■ **Brief**
The answer should hold only the lines from the beginning of the material through the one with "三次握手:连接的初始化过程。", reproduced exactly and without pictures.

■ **Extracted material**

***

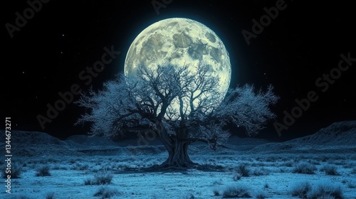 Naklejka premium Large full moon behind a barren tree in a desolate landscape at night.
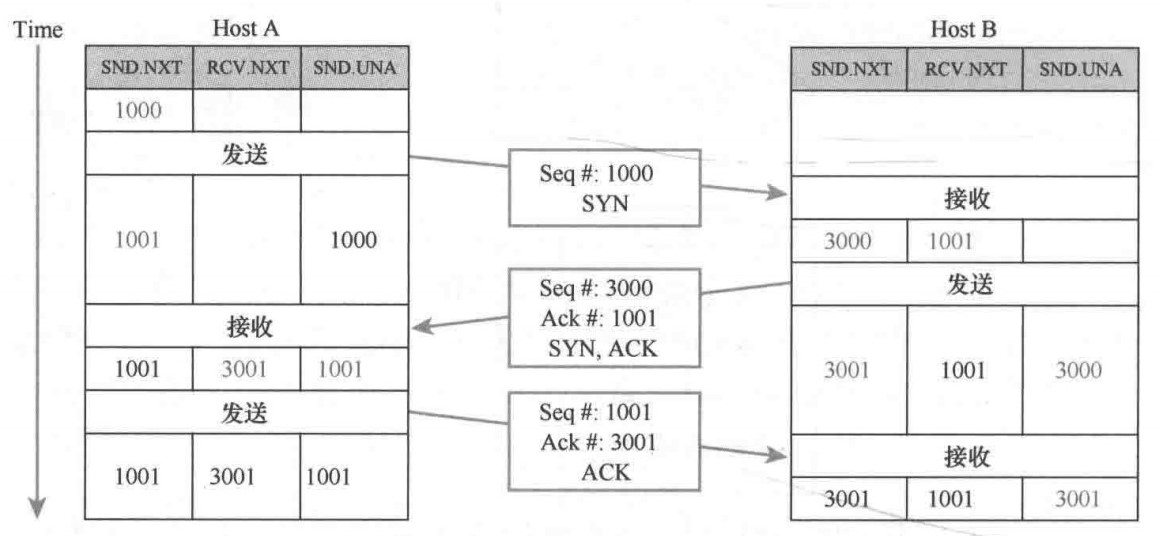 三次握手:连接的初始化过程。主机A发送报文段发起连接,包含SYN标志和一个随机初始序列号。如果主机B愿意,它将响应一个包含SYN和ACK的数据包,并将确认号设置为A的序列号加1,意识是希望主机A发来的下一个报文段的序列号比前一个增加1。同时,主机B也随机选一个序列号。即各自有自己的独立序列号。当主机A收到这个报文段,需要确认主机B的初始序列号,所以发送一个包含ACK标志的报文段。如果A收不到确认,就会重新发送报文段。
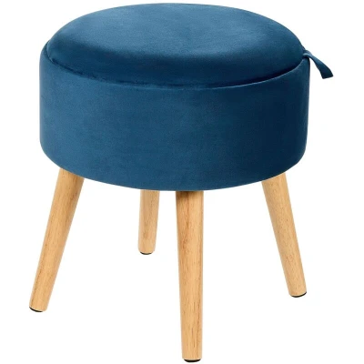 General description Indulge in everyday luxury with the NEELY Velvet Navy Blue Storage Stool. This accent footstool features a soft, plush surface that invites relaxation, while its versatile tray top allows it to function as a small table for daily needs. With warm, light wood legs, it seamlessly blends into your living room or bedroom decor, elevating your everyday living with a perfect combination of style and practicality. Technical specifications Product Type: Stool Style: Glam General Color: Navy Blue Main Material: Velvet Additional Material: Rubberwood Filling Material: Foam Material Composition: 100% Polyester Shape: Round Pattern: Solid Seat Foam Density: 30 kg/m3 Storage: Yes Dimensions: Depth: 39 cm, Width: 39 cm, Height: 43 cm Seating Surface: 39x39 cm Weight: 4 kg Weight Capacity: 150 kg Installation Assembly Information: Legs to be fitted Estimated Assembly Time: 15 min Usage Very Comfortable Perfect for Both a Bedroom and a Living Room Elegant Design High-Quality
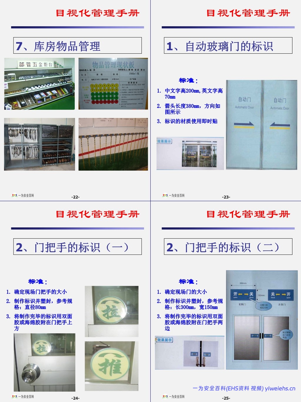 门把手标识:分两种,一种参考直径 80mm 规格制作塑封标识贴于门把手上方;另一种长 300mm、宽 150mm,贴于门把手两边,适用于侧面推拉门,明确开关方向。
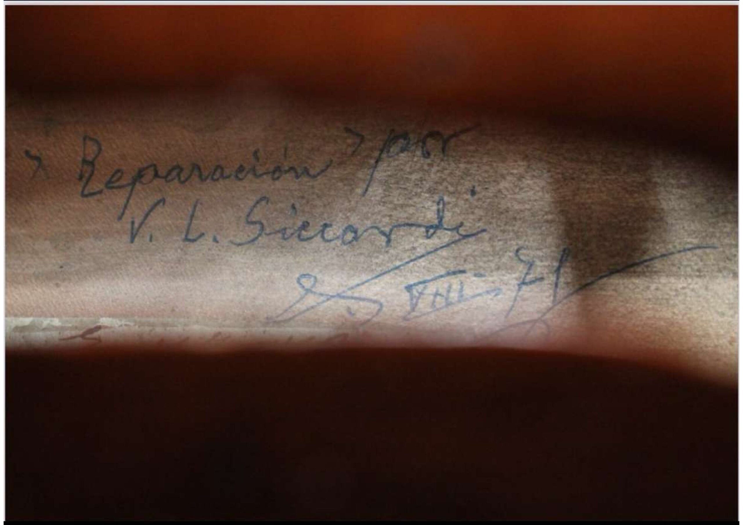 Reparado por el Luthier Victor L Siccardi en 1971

***

■ **Task result**
 Naklejka premium Large full moon behind a barren tree in a desolate landscape at night.
 三次握手:连接的初始化过程。主机A发送报文段发起连接,包含SYN标志和一个随机初始序列号。如果主机B愿意,它将响应一个包含SYN和ACK的数据包,并将确认号设置为A的序列号加1,意识是希望主机A发来的下一个报文段的序列号比前一个增加1。同时,主机B也随机选一个序列号。即各自有自己的独立序列号。当主机A收到这个报文段,需要确认主机B的初始序列号,所以发送一个包含ACK标志的报文段。如果A收不到确认,就会重新发送报文段。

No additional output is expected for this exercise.